Though expensive, the state should make the investment, he said.

“At the end of the day it’s the moral thing to do, and over the long run, its the most economic thing to do,” Dewhurst said.

Some critics say government-subsidized health care encourages families to drop their private health coverage to go to the cheaper government program.

But only 1.8 percent of families who applied for CHIP last month said their children had prior insurance, state health and human services officials said.

Children living in middle-income families are increasingly joining the ranks of the uninsured. That is largely because employer-based health insurance premiums have more than doubled since 2000. The average annual cost to employees is $3,355 and the cost to employers is $9,325, for a total cost of $12,680, according to the Kaiser Family Foundation.

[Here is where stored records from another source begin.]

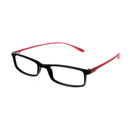 This eyeglass frame comes with full rims in a narrow rectangular shape. The slim temples are designed in a sharp red color to contrast the solid black rims. This fashionable eyeglass frame is made of high quality material for durability.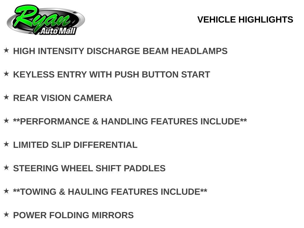 - **PERFORMANCE & HANDLING FEATURES INCLUDE**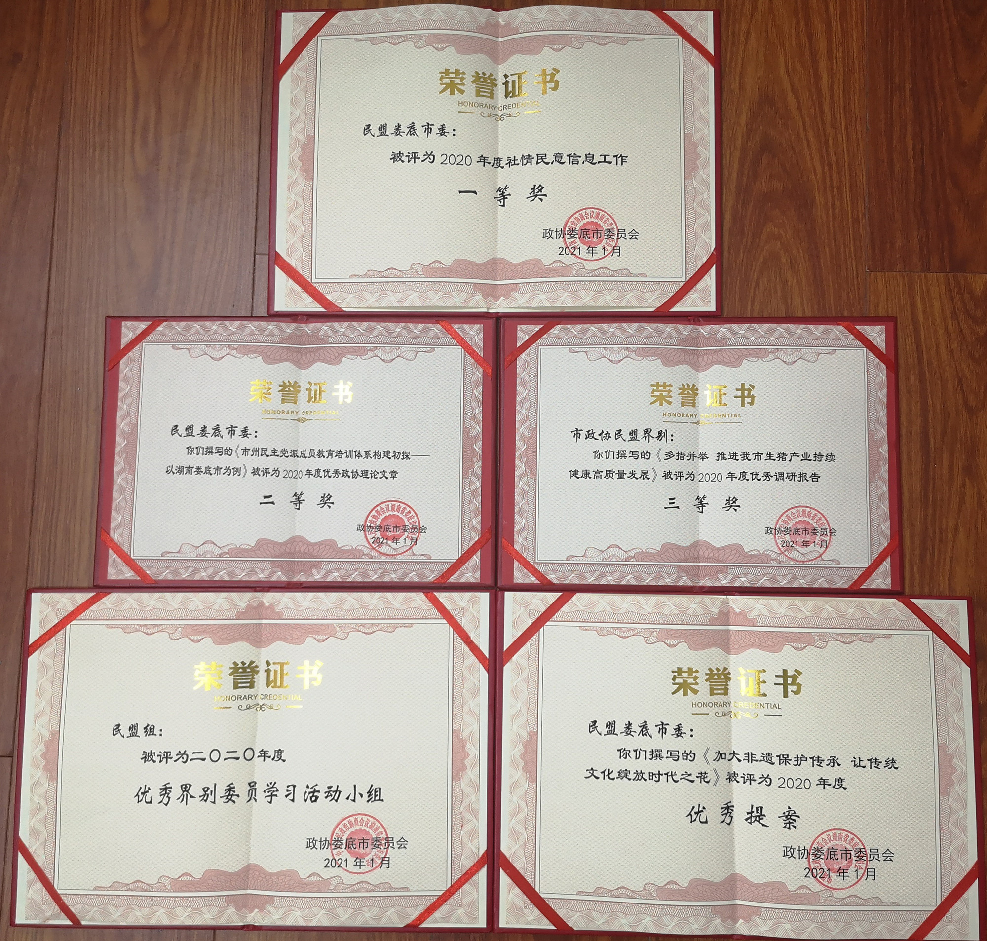 會上,民盟婁底市委會和多位盟員獲得表彰獎勵。民盟婁底市委會榮獲“婁底市政協2020年度社情民意信息工作先進單位一等獎”,民盟組榮獲“婁底市政協2020年度優秀界別委員學習活動小組”,民盟婁底市委會《市州民主黨派成員教育培訓體系構建初探——以湖南婁底市為例》榮獲“婁底市政協2020年度優秀政協理論文章二等獎”,《多措并舉 推進我市生豬產業持續健康高質量發展》榮獲“婁底市政協2020年度優秀調研報告三等獎”,《加大非遺保護傳承,讓傳統文化綻放時代之花》榮獲“婁底市政協2020年度優秀集體提案”。王文成、劉偉鋒、劉兆梅、劉姣艷、羊小慶、肖正懷等6人榮獲“婁底市政協2020年度優秀政協委員”,王紅貴、陽偉書、李海日榮獲“全市政協2020年扶貧行動先進個人”,吳志奇榮獲“婁底市政協2020年度優秀政協新聞宣傳工作者一等獎”,肖正懷榮獲“婁底市政協2020年度政協云應用工作先進個人一等獎”、李海日榮獲三等獎。朱宏志《落實公交優先戰略,加快推進“公交都市”建設》,劉偉鋒《充分利用婁底文化資源優勢,大力推動異地文化產業合作》,陽偉書《關于把珠山公園打造成“賢母文化”主題文化公園的建議》,羊小慶《加快市級融媒體建設的建議》等4份提案榮獲“婁底市政協2020年度優秀提案。朱宏志《聚力建設三一婁底產業園,打造婁底制造強市一號工程》《對打造千億先進陶瓷產業集群的建議》,王紅貴《發揮婁底教育資源優勢打造教育強市》,凌會海《加強教育集團化辦學與信息化建設,促進我市中小學教育均衡優質發展》,劉姣艷《切實提升突發公共衛生事件醫療救治能力》等5篇建議,榮獲婁底市政協“我為‘十四五’規劃獻一策”活動優秀建議。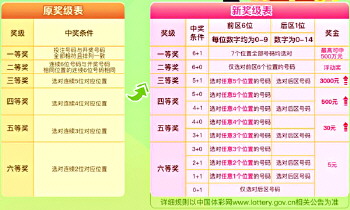 除了大家最关心的头奖奖金之外,新7星彩在“固定奖”方面也给大家带来了足够多的惊喜——三至五等奖奖金均有较大幅度提升,具体为:三等奖由1800元增至3000元;四等奖由300元增至500元;五等奖由20元增至30元。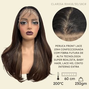 Peruca front lace 13x 60cm morena iluminada RH418/30/18C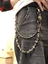 Aesthetic: Cyber-Goth / Hard-Jewelry / Chrome-Core / Drainer • Material: High-Shine Polished Chrome / Heavyweight Alloy • Hardware: Dual Lobster Clasp Attachments / Triple-Link Strands • Design: Gothic Crosses / Anatomical & Tribal Heart Charms / Industrial Safety Pin Accent • Vibe: Punk-Revival / Avant-Garde Accessory [DESCRIPTION] A maximalist statement piece designed for 2025’s industrial streetwear shift. This multi-layered pant chain features three distinct tiers of high-polish chrome links, providing a heavy, tiered drape across the hip. The accessory is detailed with iconic Gothic Cross pendants and tribal-engraved heart charms, anchored by a large industrial safety pin and heavy-duty lobster clasps for secure attachment to belt loops. Its high-shine finish makes it a standout "visual anchor" for dark-wear or baggy denim outfits. Key Details: • Layering: Triple-tier chain setup for maximum movement and "clink". • Charms: Features a mix of chrome crosses and heart motifs. • Versatility: Can be worn on trousers, skirts, or as a deconstructed necklace. • Condition: Brand New. #chrome #pantchain #cybercore #goth #industrial #streetwear #hardjewelry #walletchain #cross #y2k #punk #accessories #drainer #grailed #silverjewelry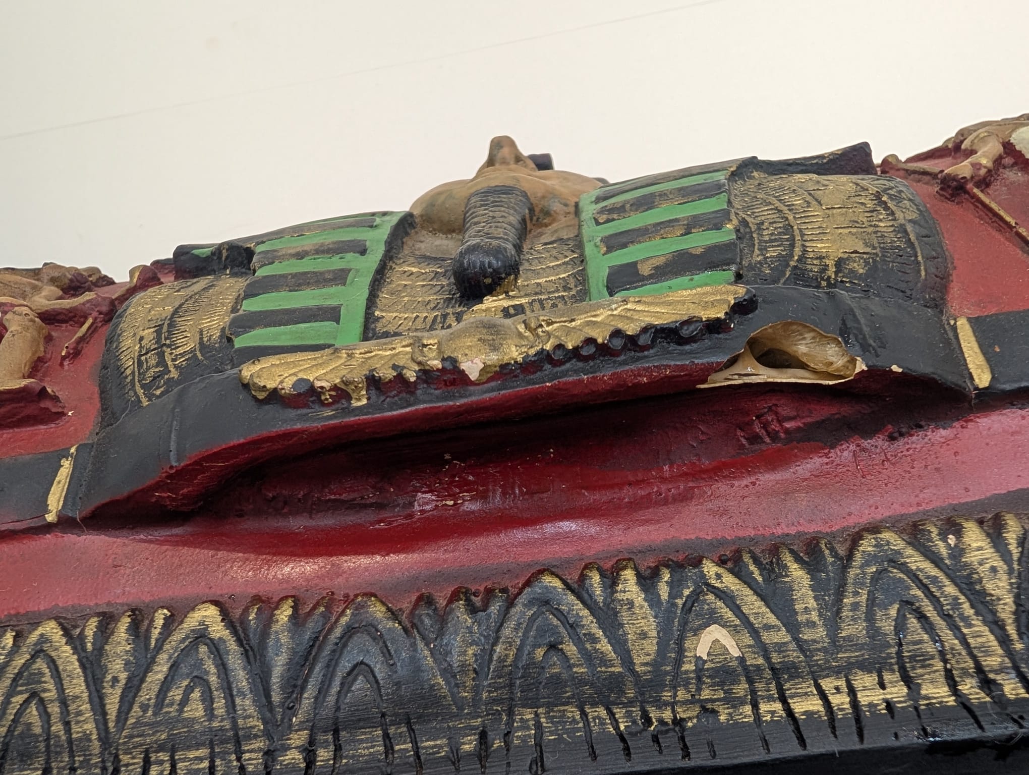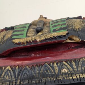 Na przodzie wieka widoczna jest stylizowana maska faraona, prawdopodobnie Tutenchamona.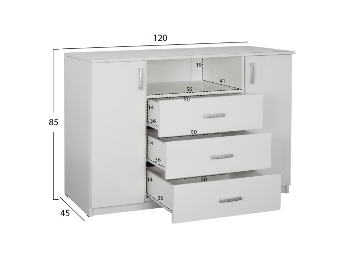 Διαθέτει τρία συρτάρια, δύο ντουλάπια και μία ανοικτή επιφάνεια, για να αποθηκεύετε μικρά αντικείμενα.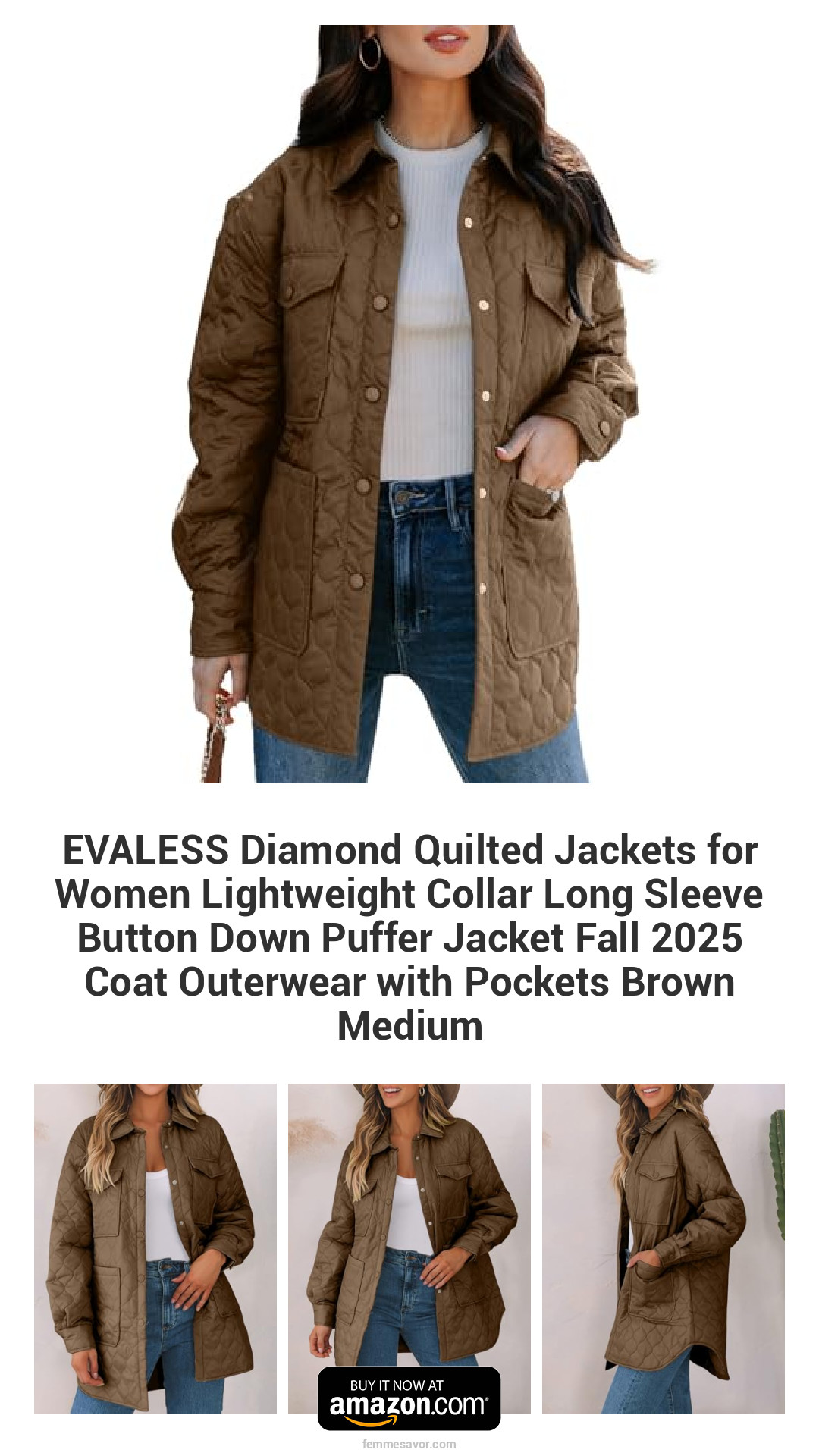 EVALESS Diamond Quilted Jackets for Women Lightweight Collar Long Sleeve Button Down Puffer Jacket Fall 2025 Coat Outerwear with Pockets Brown Medium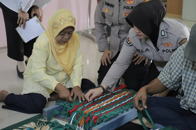 Tidak hanya itu, Aiptu Tri dan Bripka Ela juga melihat langsung para ODGJ membuat kerajinan keset berbahan kain perca. Menurut Aiptu Tri, pelatihan keterampilan ini perlu ditunjang sejumlah peralatan.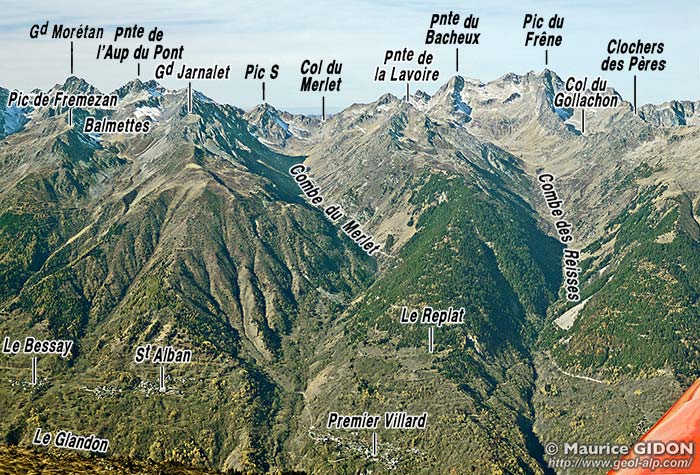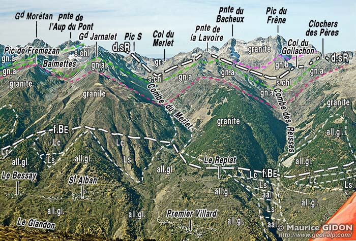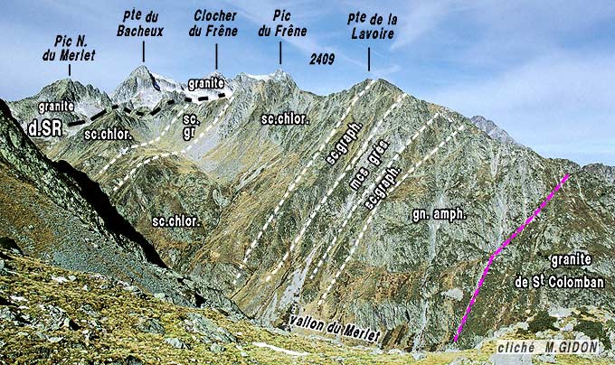 En fait cet ensemble métamorphique intercalaire est traversé en biais par le grand décrochement de Saint-Rémy (voir la page "Sept-Laux, généralités"), qui est orienté SW-NE et franchit obliquement la crête faitière du chaînon au Pic sud du Merlet.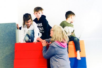 Die Kinder finden über das lustvolle Spielen und Bewegen in Beziehung zum Anderen, hin zu tiefer Rückversicherung gegenüber ihren Ängsten. Sich fallen lassen und aufgefangen werden – nicht nur der Körper, auch die Emotionen. Sich verstecken und gefunden werden. Das sind nur einige Spiele, die die Kinder aus sich heraus in unserem Raum spielen. In diesen Spielen sind tiefgreifende Fragen verborgen: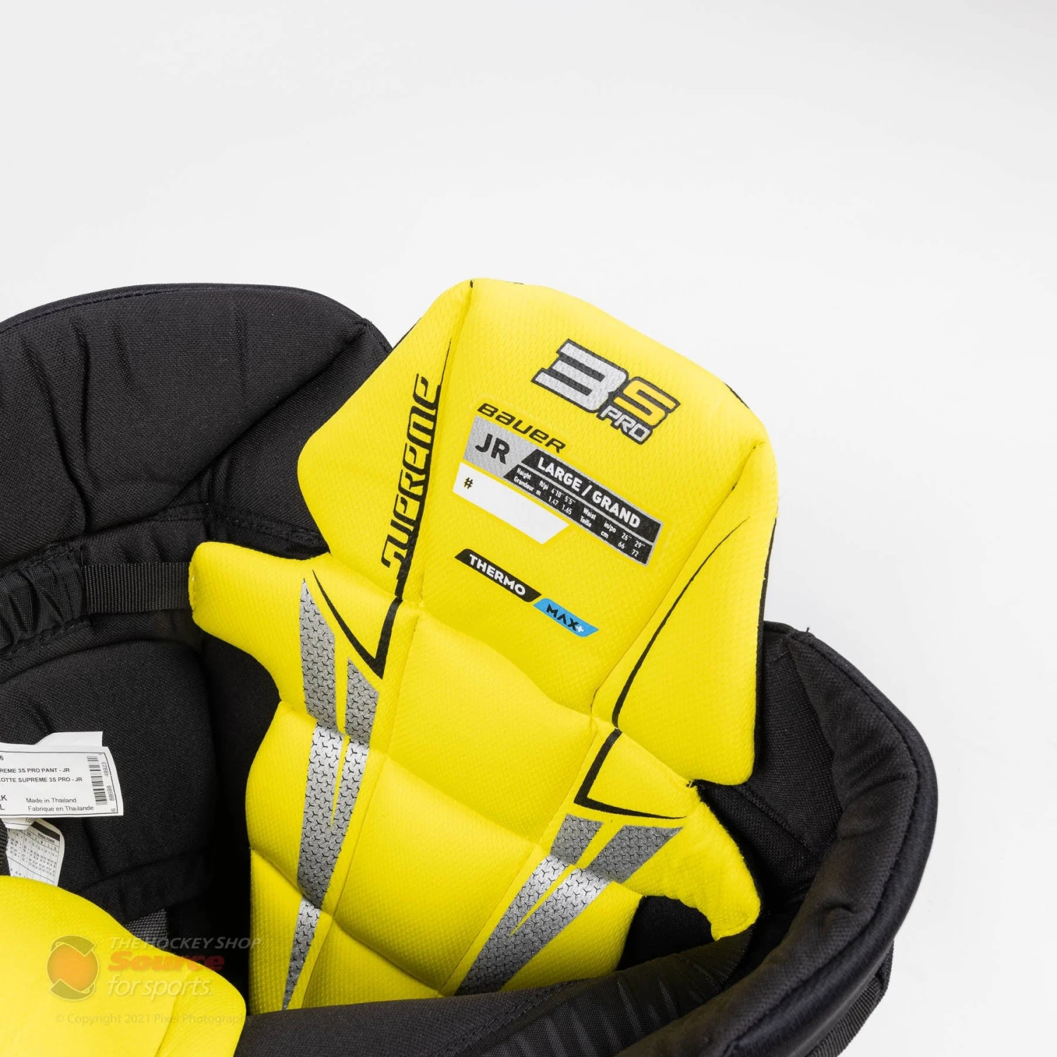 Internally, the Bauer 3S Pros are lined with Bauer’s Thermomax+ liner which excels in managing sweat, moisture, and odor. They also feature an enclosed zipper opening that can be used if the player prefers a looser fit in the thighs. These also make it easier to put the pants on for those that choose to put their skates on before their pants when getting dressed – just don’t forget skate guards!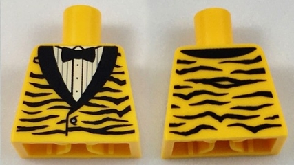 Torso Tuxedo Jacket with Black Animal Stripes and Lapels over White Shirt with Buttons and Pleats, Bow Tie Pattern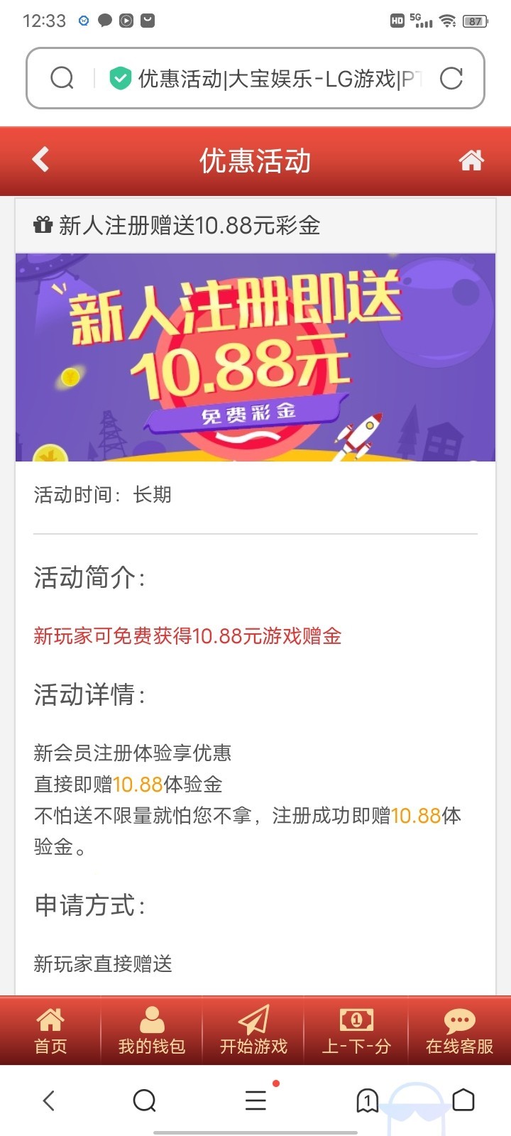 注册绑卡,自动赠送10.88,游戏额度手动划转,选择LG网页版,活动介绍打满500提现。

Only half of Texas private-sector employers offer insurance, and among small businesses, the percentage drops to 34, the federal government reports.
Pasadena family

In the current economy, where pay is being frozen for many workers, an automatic 3 percent raise should have been a blessing for Josh Hebert of Pasadena.

But he wants to turn back part of the hike because it bumped him over the CHIP limit.

The younger of Hebert’s two daughters, 3-year-old Katie, suffers from brain lesions that have triggered deafness in one ear, digestive problems and a host of other symptoms. His employer plan would cost 30 percent of the family’s monthly income and does not offer the type of comprehensive coverage that Katie gets through CHIP.

“It seems unbelievable that a cost-of-living raise can become a major crisis, but it is when our children’s health hangs in the balance,” said his wife, Kyla.